Home> Biz Updates

Silkworm factory may bring 'cocoon-break' for sericulture

Xinhua| Updated: January 23, 2019 L M S

嵊州桑蚕_副本.png

The cocoons produced in the silkworm-raising factory in Shengzhou, Zhejiang province [Photo/zjol.com.cn]

At a time when rising costs are forcing many farmers to exit sericulture, a silkworm-raising factory in Shengzhou, East China's Zhejiang province is breathing new life into an industry that is thousands of years old.

Babei Group, a private silk necktie-producing enterprise, announced on Jan 20 that its first batch of mass-produced silkworm cocoons had rolled off production line, marking the success of a seven-year-long research on factory-raised silkworms.

With a total investment of 350 million yuan ($51.5 million), the company's silkworm workshop is able to churn out 10,000 metric tons of high-quality cocoons annually, about the total yield of 100,000 households of farmers, using less than 200 workers.

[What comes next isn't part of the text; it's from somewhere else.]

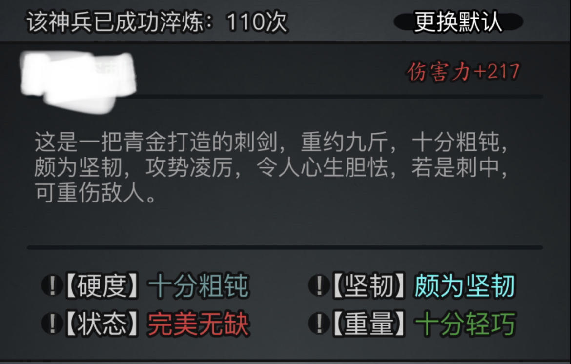 想问下刺剑淬炼一百玄铁两百晶竹会得到怎么样的刺剑呀目前19硬,73韧,12重,还有必要继续淬下去么

The germ-free workshop, covering an area of 5,000 square meters, creates a favorable environment with moderate temperature, airflow and humidity for the silkworms.

Instead of mulberry leaf, the worms are fed artificial fodder made of ingredients such as soybean, corn powder, sweet potato starch and vitamin complex.

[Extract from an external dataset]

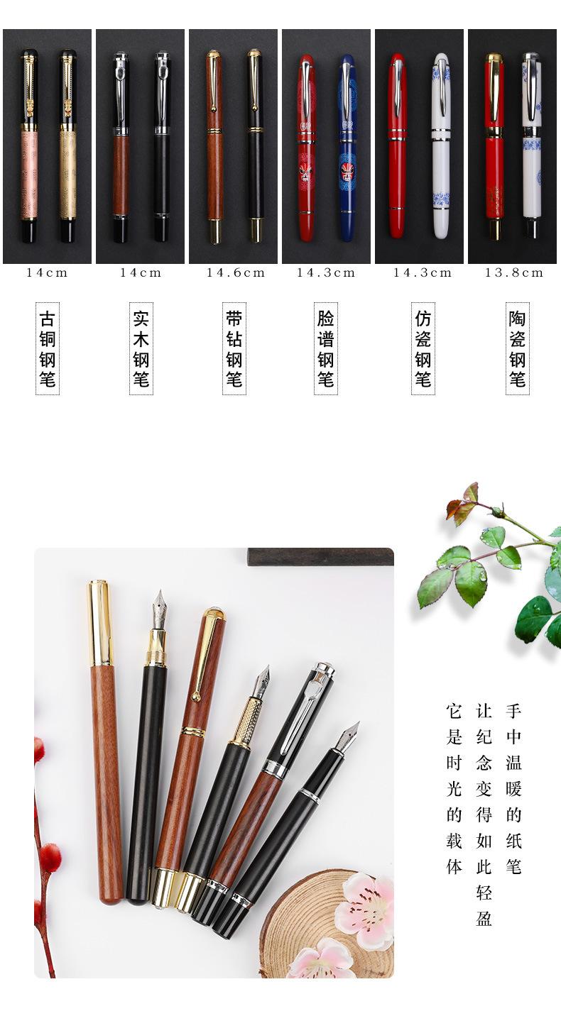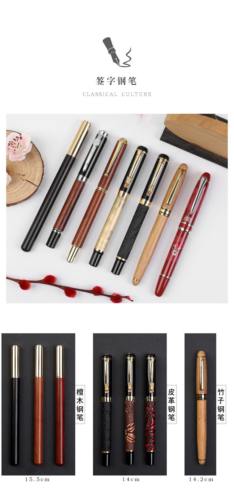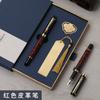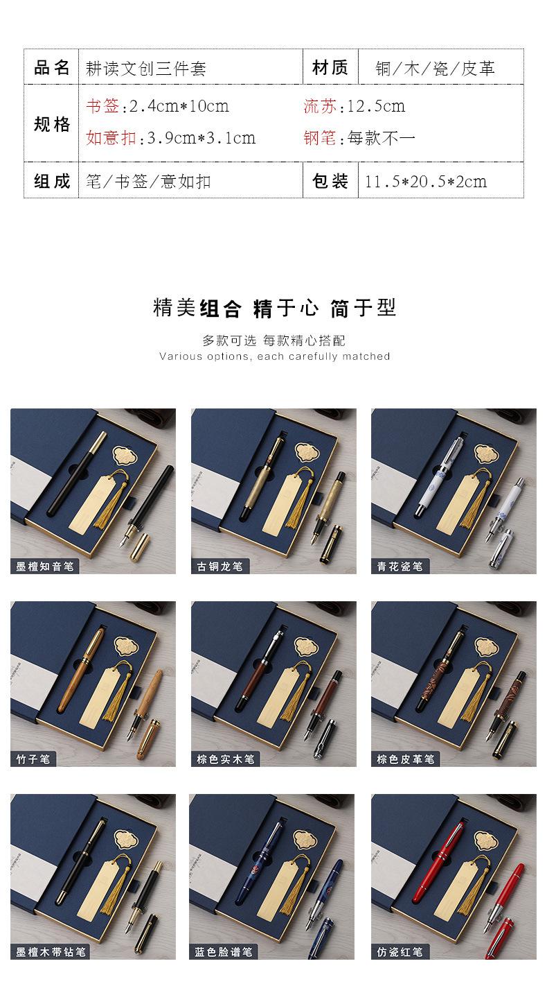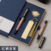 Red Copper Dragon Steel Pen + ploughing bookmark + Ruyi buckle-blue drawer box

The fodder is cheap to produce, and it helps improve the efficiency of silkworm raising for it is free from the limits of seasons and climate, according to Meng Zhiqi, a researcher with Zhejiang Academy of Agricultural Sciences and leading researcher of the project.

In order to boost silkworms' appetites, researchers have added mulberry leaf powder into the fodder to make it more "delicious."

Sericulture, the breeding of silkworms to produce raw silk, has long been a featured industry of Zhejiang Province, but it has been on a downward trend in recent years.